- [WHAT IS EXPECTED]:
Could you write out the listing below exactly as it stands, leaving out the pictures?

INFORMATION PROVIDED START

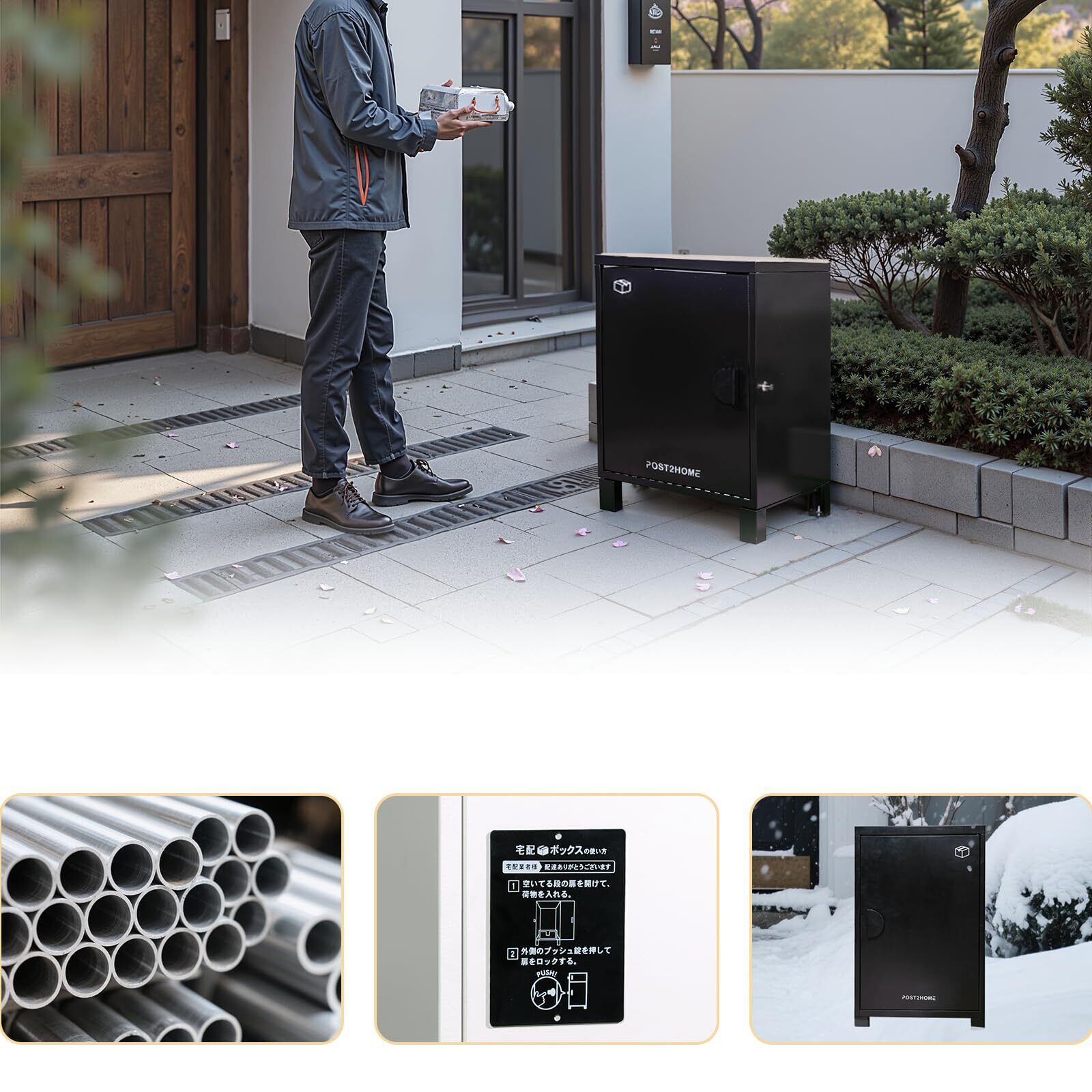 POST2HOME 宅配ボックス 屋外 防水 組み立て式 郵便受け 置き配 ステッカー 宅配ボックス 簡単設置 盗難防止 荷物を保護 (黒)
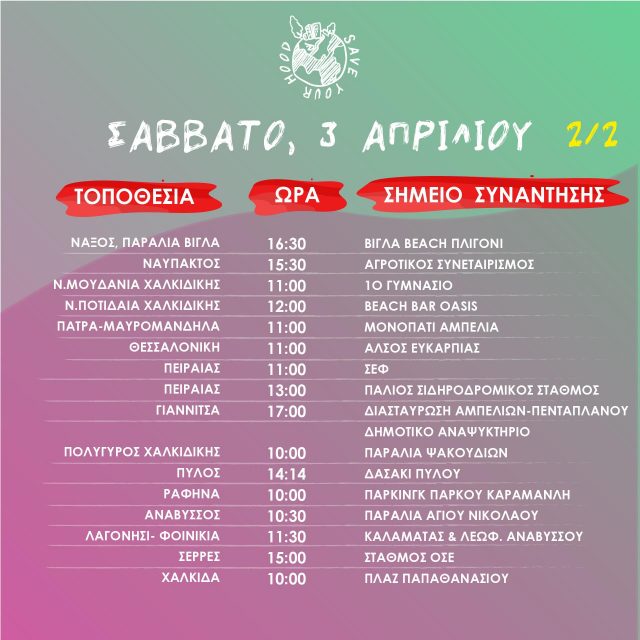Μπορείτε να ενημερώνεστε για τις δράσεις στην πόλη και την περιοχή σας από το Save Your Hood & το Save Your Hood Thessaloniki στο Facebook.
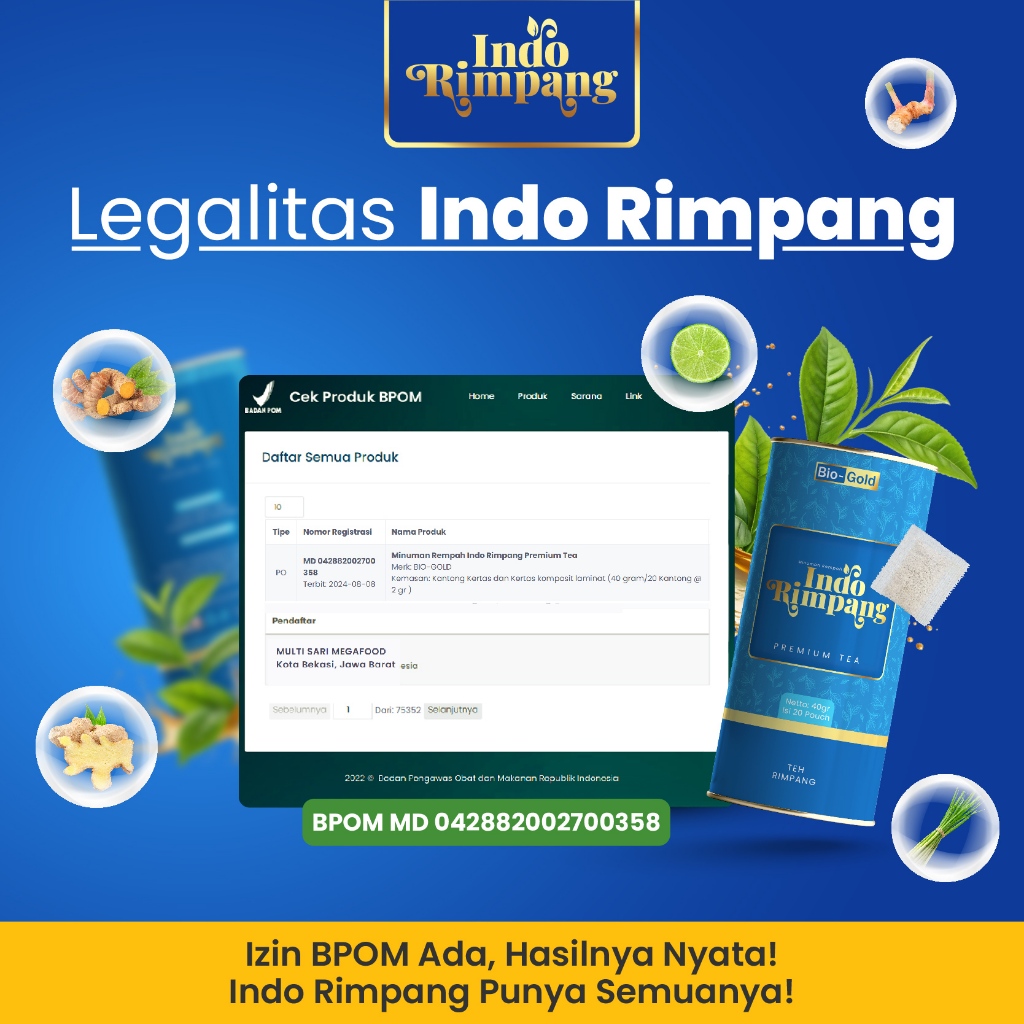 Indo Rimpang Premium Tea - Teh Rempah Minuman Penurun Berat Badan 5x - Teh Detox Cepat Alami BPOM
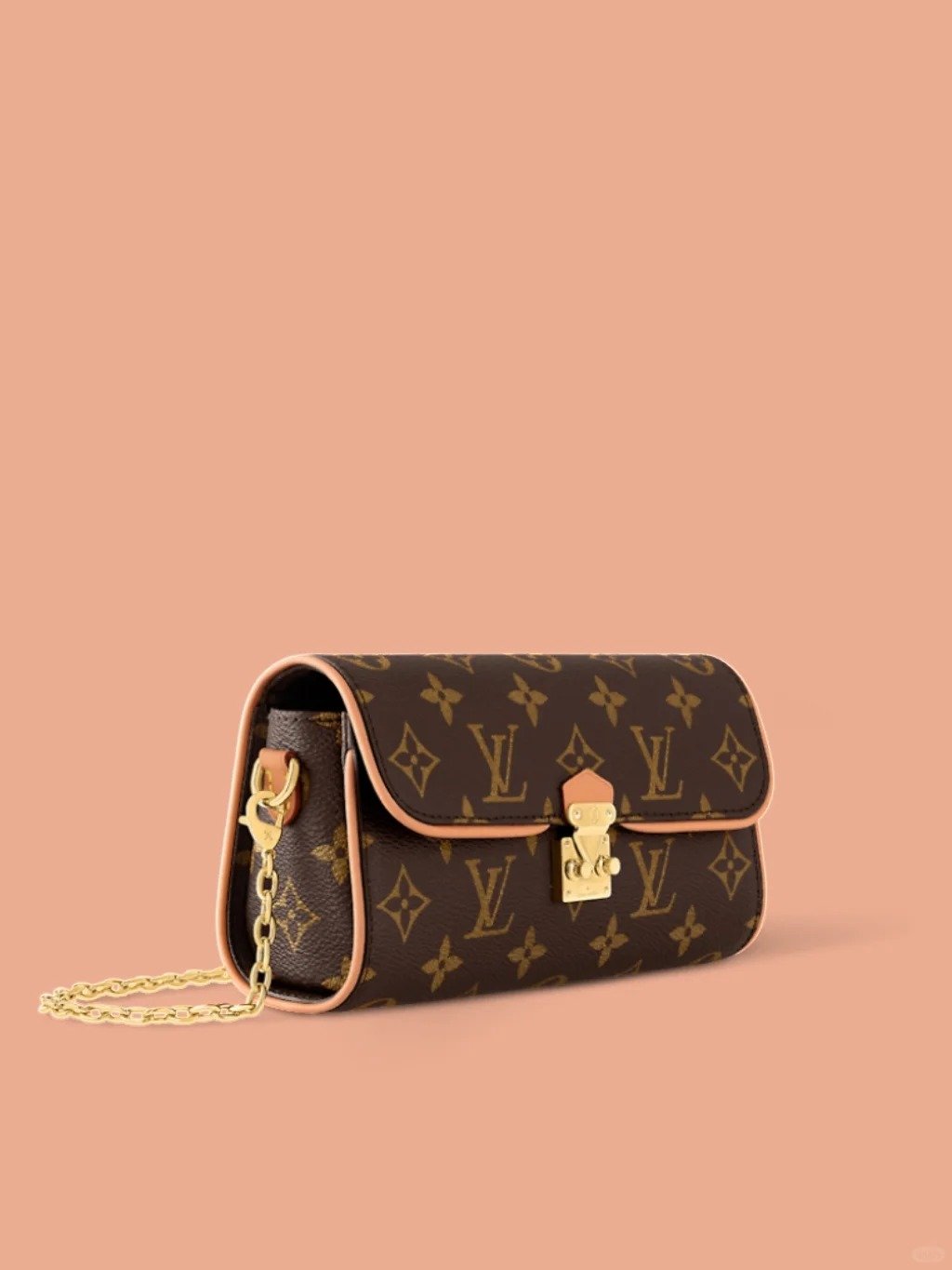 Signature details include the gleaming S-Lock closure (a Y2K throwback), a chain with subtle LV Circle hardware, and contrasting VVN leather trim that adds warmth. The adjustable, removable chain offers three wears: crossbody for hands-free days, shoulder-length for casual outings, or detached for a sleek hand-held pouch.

INFORMATION PROVIDED END

- [OUTPUT FOR THIS EXERCISE]:
 POST2HOME 宅配ボックス 屋外 防水 組み立て式 郵便受け 置き配 ステッカー 宅配ボックス 簡単設置 盗難防止 荷物を保護 (黒)
Μπορείτε να ενημερώνεστε για τις δράσεις στην πόλη και την περιοχή σας από το Save Your Hood & το Save Your Hood Thessaloniki στο Facebook.
 Indo Rimpang Premium Tea - Teh Rempah Minuman Penurun Berat Badan 5x - Teh Detox Cepat Alami BPOM
 Signature details include the gleaming S-Lock closure (a Y2K throwback), a chain with subtle LV Circle hardware, and contrasting VVN leather trim that adds warmth. The adjustable, removable chain offers three wears: crossbody for hands-free days, shoulder-length for casual outings, or detached for a sleek hand-held pouch.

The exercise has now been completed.